Elmendorf also suggested changing the way Medicare reimburses providers to create incentives for reducing costs.
"Certain reforms of that sort are included in some of the packages," Elmendorf said. "But the changes that we have looked at so far do not represent the sort of fundamental change, the order of magnitude that would be necessary to offset the direct increase in federal health costs that would result from the insurance coverage proposals."
Senate Majority Leader Harry M. Reid (Nev.) dismissed Elmendorf's push for the benefits tax. "What he should do is maybe run for Congress," Reid said.
But Senate Finance Chairman Max Baucus (D-Mont.) expressed frustration that the tax on employer-funded benefits had fallen out of favor, in part because the White House opposes the idea. Critics of the proposal say it would target police and firefighters who receive generous benefits packages. And if the tax is trimmed to apply only to upper-income beneficiaries, it would lose its effectiveness as a cost-containment measure.

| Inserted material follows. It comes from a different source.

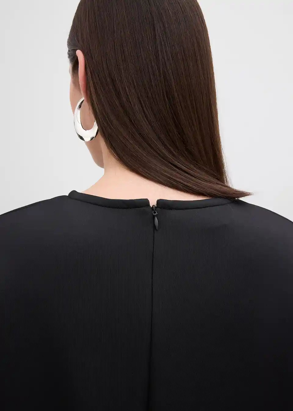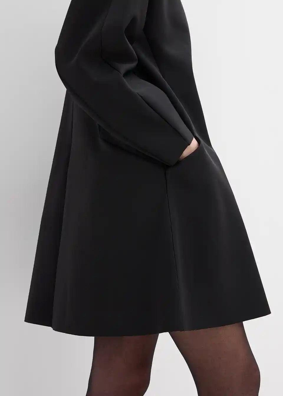 Mini obleka z okroglim izrezom, prešivi spredaj in na rokavih, zakrito zadrgo zadaj ter dvema žepoma v šivu spredaj.
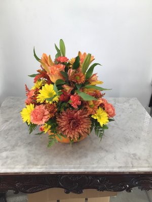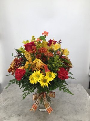 Beautiful holiday arrangement....vibrant fall colors and adorable turkey vase...very reasonably priced as well.

"Basically the president is not helping," Baucus said. "He does not want the exclusion, and that's making it difficult."
But he added, "We are clearly going to find ways to bend the cost curve in the right direction, including provisions that will actually lower the rate of increase in health care costs."
Ideas under consideration include health-care delivery system reform; health insurance market reform; and empowering an independent agency to set Medicare reimbursement rates, an idea the White House is shopping aggressively on Capitol Hill.
But Baucus is not giving up on the benefits tax. "It is not off the table, there's still a lot of interest in it," Baucus said.